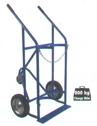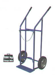 Modèle bi-bouteilles Poids : 29 Kg Dimensions : 1280 x 760 mm Roues bandage caoutchouc : Ø 280 x 70 mm Pelle à bouteilles Dimensions de la pelle : 575 x 100 mm Charge utile de 200 Kg Spécialement conçu pour la manutention manuelle de bouteilles. Diable référence N° - 18.04
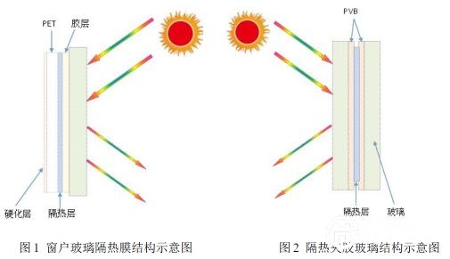 隔熱夾膠玻璃結(jié)構(gòu)主要包括玻璃、PVB膠膜和隔熱膜。其中,PVB主要起與玻璃粘結(jié)的作用,賦予玻璃防碎防爆的安全功能;隔熱層具有阻隔紫外線和紅外熱線的作用,其結(jié)構(gòu)原理如圖2所示。
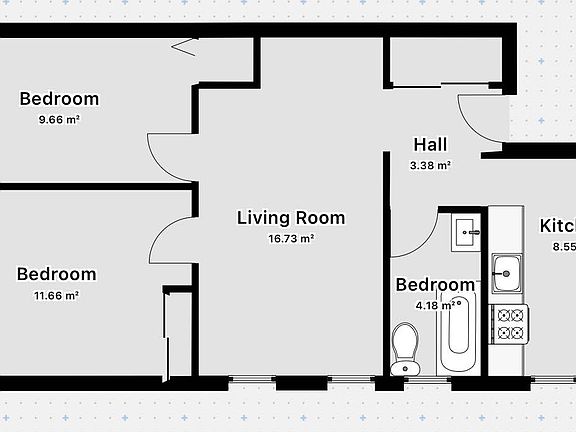 Equal sized bedroomsCloset and windowsHardwood floorsSeparate kitchen
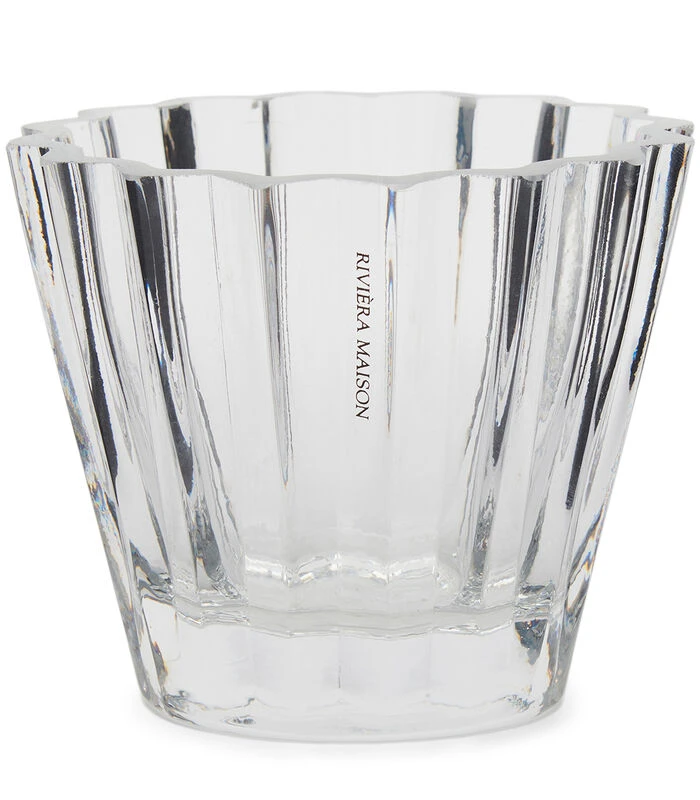 De RM Folded Votive is een waxinelichthouder gemaakt van gegolfd glas. Het glas is helder en transparant. Het design doet denken aan een muffinvorm. Door deze vormgeving krijgt het waxinelicht een sfeervol effect. Op de zijkant is ‘Rivièra Maison’ te lezen.
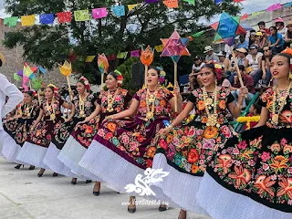 Fue después de las 13 horas cuando se dio comienzo con la presentación de las diversas comunidades que mostraron en la explanada del mercado de artesanías en pleno corazón de Mitla con la muestra de su cultura. San Blas Atempa, Santo Domingo Tehuantepec, Tlacolula de Matamoros, Chinas Oaxaqueñas de Genoveva Medina, el Jarabe Mixteco de Huajuapan de León, la danza de la pluma de San Jerónimo Tlacochahuaya, el fandango de Santa Cruz Xoxocotlán y por supuesto, la boda mitleña de San Pablo Villa de Mitla fueron las delegaciones que se presentaron y a las que se sumaron grupos folklóricos infantiles y juveniles.
====================
[Work order] Starting with the first entry and ending with the last, reproduce the listing exactly, without its pictures.

[Exercise result]
 Modèle bi-bouteilles Poids : 29 Kg Dimensions : 1280 x 760 mm Roues bandage caoutchouc : Ø 280 x 70 mm Pelle à bouteilles Dimensions de la pelle : 575 x 100 mm Charge utile de 200 Kg Spécialement conçu pour la manutention manuelle de bouteilles. Diable référence N° - 18.04
 隔熱夾膠玻璃結(jié)構(gòu)主要包括玻璃、PVB膠膜和隔熱膜。其中,PVB主要起與玻璃粘結(jié)的作用,賦予玻璃防碎防爆的安全功能;隔熱層具有阻隔紫外線和紅外熱線的作用,其結(jié)構(gòu)原理如圖2所示。
 Equal sized bedroomsCloset and windowsHardwood floorsSeparate kitchen
 De RM Folded Votive is een waxinelichthouder gemaakt van gegolfd glas. Het glas is helder en transparant. Het design doet denken aan een muffinvorm. Door deze vormgeving krijgt het waxinelicht een sfeervol effect. Op de zijkant is ‘Rivièra Maison’ te lezen.
 Fue después de las 13 horas cuando se dio comienzo con la presentación de las diversas comunidades que mostraron en la explanada del mercado de artesanías en pleno corazón de Mitla con la muestra de su cultura. San Blas Atempa, Santo Domingo Tehuantepec, Tlacolula de Matamoros, Chinas Oaxaqueñas de Genoveva Medina, el Jarabe Mixteco de Huajuapan de León, la danza de la pluma de San Jerónimo Tlacochahuaya, el fandango de Santa Cruz Xoxocotlán y por supuesto, la boda mitleña de San Pablo Villa de Mitla fueron las delegaciones que se presentaron y a las que se sumaron grupos folklóricos infantiles y juveniles.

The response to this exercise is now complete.